A quick historical recap.
On February 15-16, 2003, an estimated six to 11 million people in 60 countries marched against the imminent invasion of Iraq. That invasion began 16 years ago this week on the evening of March 19, 2003 (at 5:34 a.m. Baghdad time on March 20).
By September 2004, then United Nations Secretary General Kofi Annan stated that the invasion was not sanctioned by the UN Security Council and that the war was illegal.
A study released in October 2013 found that at least 405,000 people died between 2003 and 2011 due to the war and occupation of Iraq.
Those casualties have continued to mount.
Furthermore, the United Nations reported in January 2016 that “3.2 million people have been internally displaced since January 2014, including more than a million children of school age.”
As of January 10, 2016, the United States, Canada, Great Britain, France, Australia and several other countries had carried out 6,341 airstrikes in Iraq.
By July 2016, a British inquiry led by Sir John Chilcot found that the legal basis for the war was “far from satisfactory,” peaceful alternatives to the war had not been exhausted, and that the lack of post-war planning significantly contributed to the emergence of ISIS.
In other words, this was arguably an avoidable war that spawned increased violence.
That’s critical context missing from the Government of Canada media release this week highlighting that Canada has spent more than $2.1 billion since 2016 on “security, stabilization and humanitarian and development assistance needs in response to the crises in Iraq and Syria and their impacts on Jordan and Lebanon.”
The Trudeau government has reshaped Canada’s military engagement in Iraq several times since it won the October 2015 federal election.
In February 2016, Trudeau announced that six CF-18s would be withdrawn from bombing missions in Iraq and Syria, but among other actions, tripled the number of special forces troops in Iraq, maintained two surveillance aircraft there that helped identify targets to bomb, and provided a refuelling plane for continued allied bombing missions.
By June 2017, the Trudeau government announced that Canadian troops would stay in Iraq for another two years.
At that time, Toronto Star columnist Thomas Walkom wrote, “Ottawa’s hope is that if Trump thinks Canada is pulling its weight militarily, he will order his negotiators to go easy on this country during the upcoming North American Free Trade Agreement talks.”
By January 2019 the Trudeau government withdrew the CC-150 Polaris refuelling aircraft but only after, as reported by iPolitics, it had “delivered more than 65 million pounds of fuel to coalition aircraft during its deployment.”
In terms of the present deployment, Global News reports that “Canada has about 500 military members in Iraq, including 200 who are part of a NATO training mission and 120 special forces who have been helping Iraqi forces root out Islamic State insurgents around the northern city of Mosul.”
It’s only in the closing paragraphs of a Canadian Press article that we see the point that “Questions and concerns have been raised in the past about the conduct of some Iraqi security forces, which includes allegations of torture, kidnappings and extrajudicial killings…”
Even there though, that sentence ends with, “…but [Maj.-Gen.

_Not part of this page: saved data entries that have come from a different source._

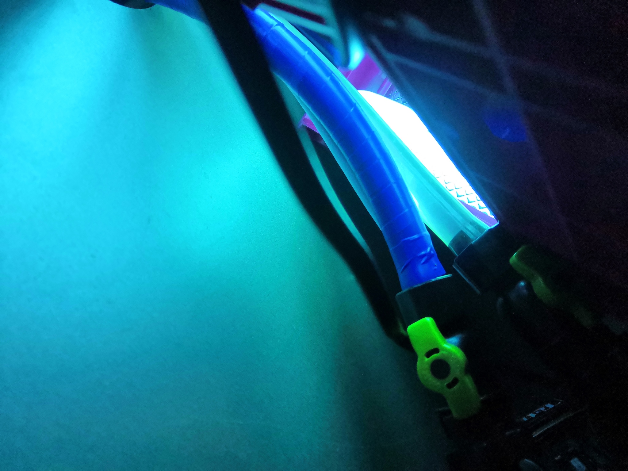 Подумано-сделано. Залепил изолентой входной шланг (естественно синей, другие не справятся) Взял у жены уф-сушилку для ногтей. В ней было 3 лампы по 9 ватт.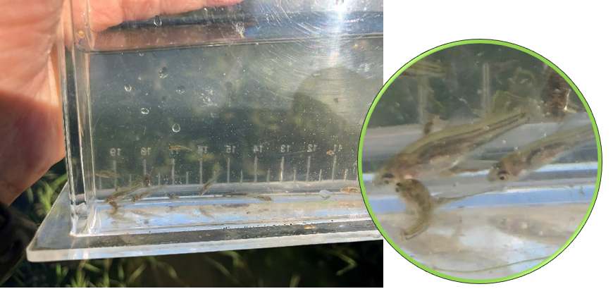 池にはモツゴの稚魚がたくさんいます。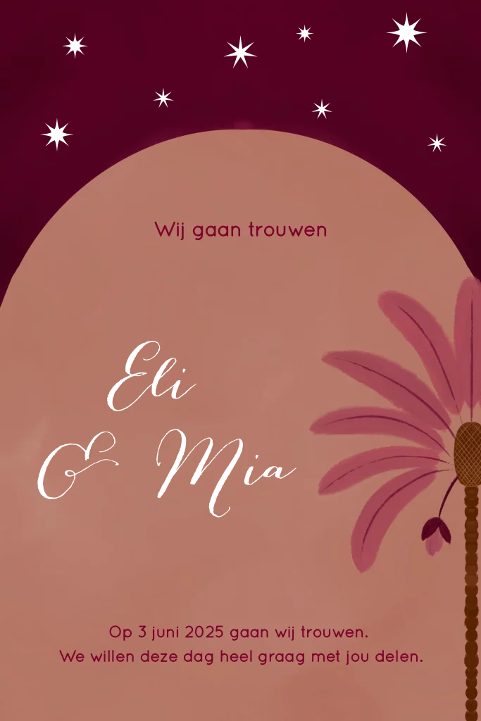 Romantisch en een heel warme sfeer. Binnenkort vliegen jullie samen uit en dat vieren jullie met je familie en vrienden tijdens de grote dag!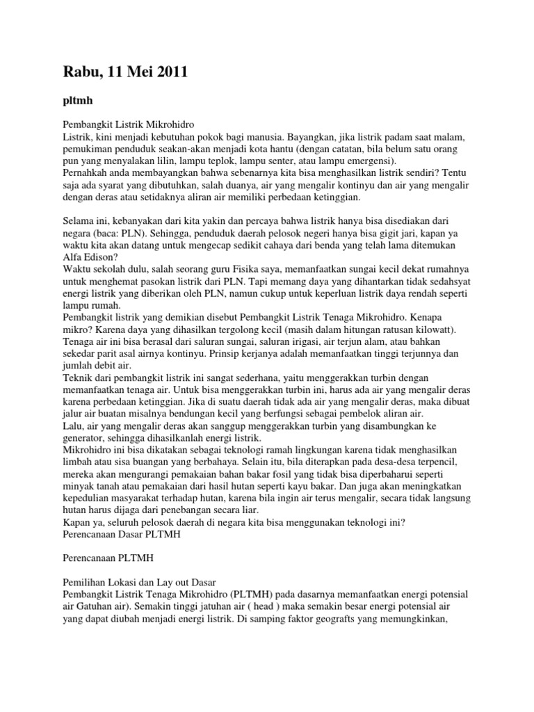 Pembangkit Listrik Mikrohidro Listrik, kini menjadi kebutuhan pokok bagi manusia. Bayangkan, jika listrik padam saat malam, pemukiman penduduk seakan-akan menjadi kota hantu (dengan catatan, bila belum satu orang pun yang menyalakan lilin, lampu teplok, lampu senter, atau lampu emergensi). Pernahkah anda membayangkan bahwa sebenarnya kita bisa menghasilkan listrik sendiri? Tentu saja ada syarat yang dibutuhkan, salah duanya, air yang mengalir kontinyu dan air yang mengalir dengan deras atau setidaknya aliran air memiliki perbedaan ketinggian. Selama ini, kebanyakan dari kita yakin dan percaya bahwa listrik hanya bisa disediakan dari negara (baca: PLN). Sehingga, penduduk daerah pelosok negeri hanya bisa gigit jari, kapan ya waktu kita akan datang untuk mengecap sedikit cahaya dari benda yang telah lama ditemukan Alfa Edison? Waktu sekolah dulu, salah seorang guru Fisika saya, memanfaatkan sungai kecil dekat rumahnya untuk menghemat pasokan listrik dari PLN. Tapi memang daya yang dihantarkan tidak sedahsyat energi listrik yang diberikan oleh PLN, namun cukup untuk keperluan listrik daya rendah seperti lampu rumah. Pembangkit listrik yang demikian disebut Pembangkit Listrik Tenaga Mikrohidro. Kenapa mikro? Karena daya yang dihasilkan tergolong kecil (masih dalam hitungan ratusan kilowatt). Tenaga air ini bisa berasal dari saluran sungai, saluran irigasi, air terjun alam, atau bahkan sekedar parit asal airnya kontinyu. Prinsip kerjanya adalah memanfaatkan tinggi terjunnya dan jumlah debit air. Teknik dari pembangkit listrik ini sangat sederhana, yaitu menggerakkan turbin dengan memanfaatkan tenaga air. Untuk bisa menggerakkan turbin ini, harus ada air yang mengalir deras karena perbedaan ketinggian. Jika di suatu daerah tidak ada air yang mengalir deras, maka dibuat jalur air buatan misalnya bendungan kecil yang berfungsi sebagai pembelok aliran air. Lalu, air yang mengalir deras akan sanggup menggerakkan turbin yang disambungkan ke generator, sehingga dihasilkanlah energi listrik. Mikrohidro ini bisa dikatakan sebagai teknologi ramah lingkungan karena tidak menghasilkan limbah atau sisa buangan yang berbahaya. Selain itu, bila diterapkan pada desa-desa terpencil, mereka akan mengurangi pemakaian bahan bakar fosil yang tidak bisa diperbaharui seperti minyak tanah atau pemakaian dari hasil hutan seperti kayu bakar. Dan juga akan meningkatkan kepedulian masyarakat terhadap hutan, karena bila ingin air terus mengalir, secara tidak langsung hutan harus dijaga dari penebangan secara liar. Kapan ya, seluruh pelosok daerah di negara kita bisa menggunakan teknologi ini? Perencanaan Dasar PLTMH Perencanaan PLTMH Pemilihan Lokasi dan Lay out Dasar Pembangkit Listrik Tenaga Mikrohidro (PLTMH) pada dasarnya memanfaatkan energi potensial air Gatuhan air). Semakin tinggi jatuhan air ( head ) maka semakin besar energi potensial air yang dapat diubah menjadi energi listrik. Di samping faktor geografts yang memungkinkan,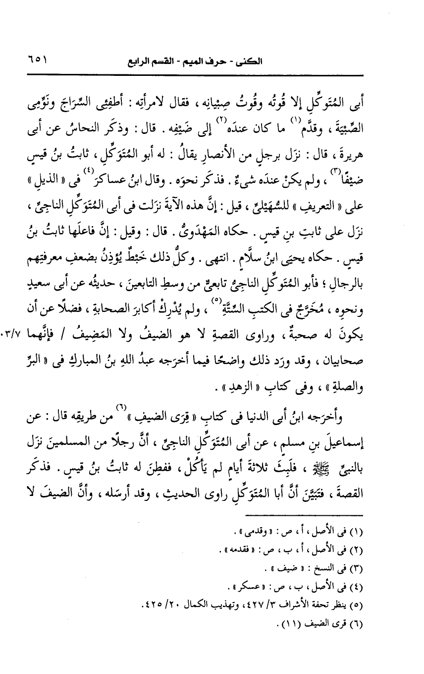 وكل ذلك خبط يؤذن بضعف معرفتهم بالرجال فأبو المتوكل الناجي تابعي من وسط التابعين حديثه، عَن أبي سعيد ونحوه مخرج في الكتب الستة ولم يدرك أكابر الصحابة فضلا، عَن أن يكون له صُحبَةٌ وراوي القصة لا هو الضيف ولا المضيف فإنهما صحابيان وقد ورد ذلك واضحا فيما أَخرجه عَبد الله بن المبارك في البر والصلة وفي كتاب الزهد.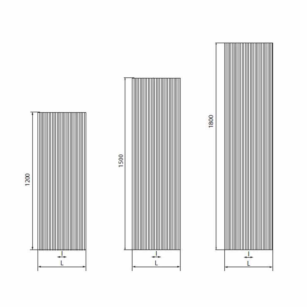 Dostupné v různých velikostech *:- V 1200 x D 420 x Inter. 50 mm x výkon w (Δt50 *) 540; Výtěžek w (At30 *) 277; Výtěžek w (A26 *) 234;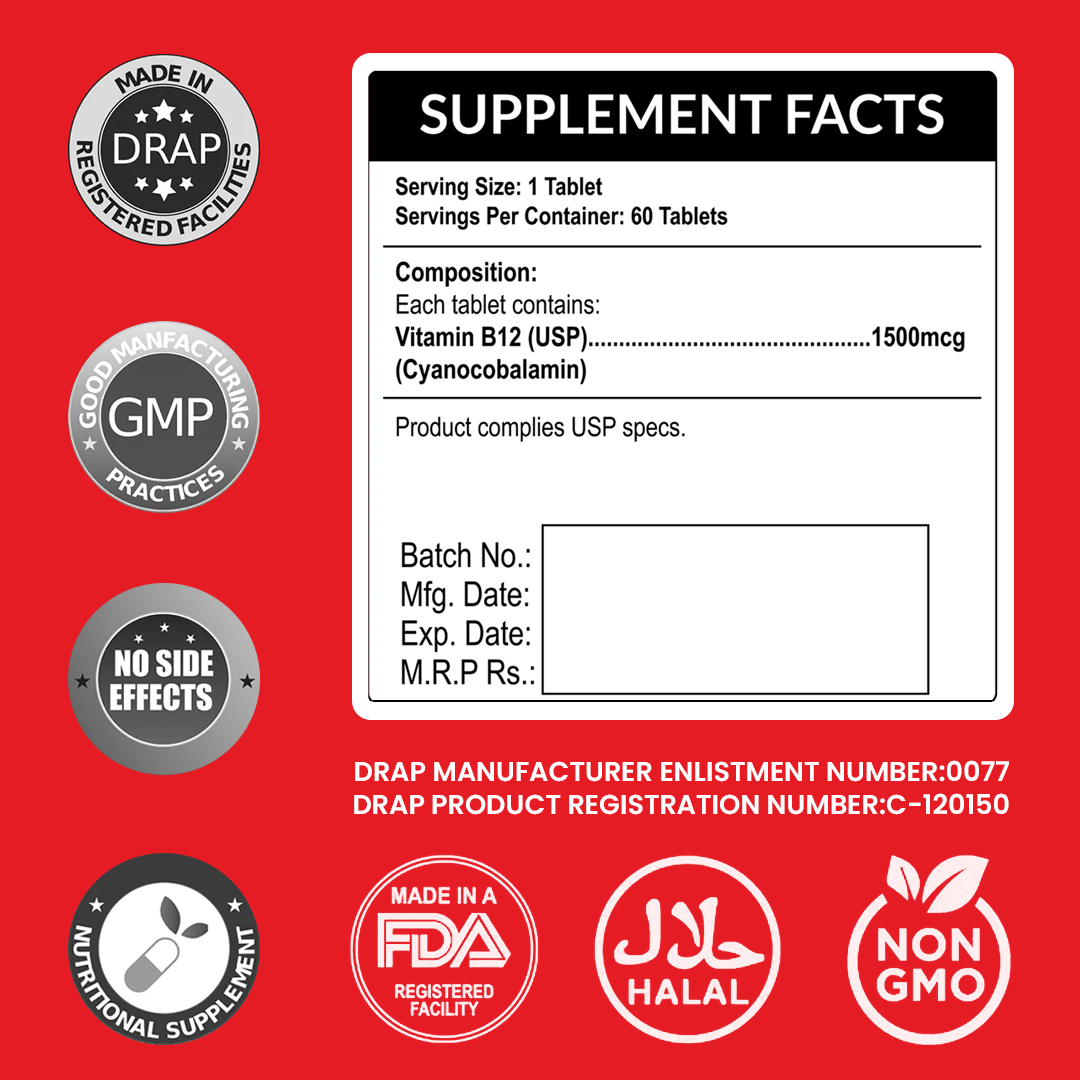 - Vitamin B12 (USP) - 1500 mcg (Cyanocobalamin)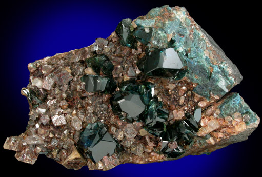 | Description: | Large lustrous dark blue-green lazulite crystals to 8 mm with rhombohedral brown siderite crystals to 2 mm. The lazulite crystals are transparent. Ex. John Geiges collection #123 |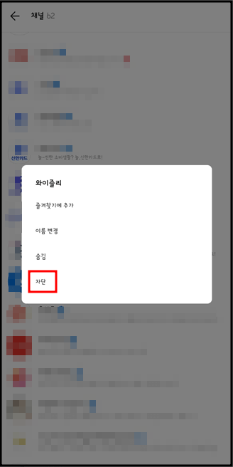 2. 그럼 선택할 수 있는 메뉴가 뜨는데요. 차단을 눌러줍니다.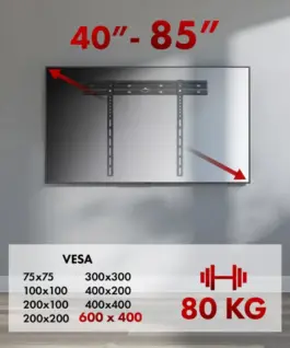 Designed with modern interiors in mind, the Maclean MC-123 ultra-slim wall mount is the perfect solution for those who want to elegantly and securely mount their TV on the wall. Thanks to its minimalist design, it allows maximum adhesion of the TV to the wall – ideal for living rooms, bedrooms or office spaces. The mount fits TVs from 40 to 85 inches and supports VESA mounting standards up to 600×400 mm, ensuring wide compatibility with many TV makes and models. Fits TV brands such as Sony, LG, Samsung, Philips, Sharp, Panasonic, Toshiba, Grundig, Pioneer, JVC, Benq, Sanyo, NEC, Hyundai, Hitachi, among others.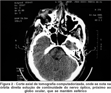 Já na TC notava-se a presença do projétil na órbita direita, hemorragia retrobulbar de médio volume e uma solução de continuidade do nervo óptico, junto ao globo ocular, sugerindo avulsão traumática do mesmo (Figura 2). O bulbo ocular, por sua vez, mantinha sua esfericidade, com bolsões hemorrágicos coroidianos e musculatura extra-ocular íntegra, inserida normalmente.

Peter] Dawe said the units that his troops are partnered with have been carefully screened.”
In February 2016, the Trudeau government announced it would be spending $1.6 billion in Iraq over the following three years. It now boasts in a media release that it has spent “more than $2.1 billion” in the region.
Where’s the critical and contextual media coverage that says many continue to suffer and that billions of dollars continue to be spent in the aftermath of an illegal and avoidable war that killed hundreds of thousands of people and displaced millions more?
Brent Patterson is a political activist and writer.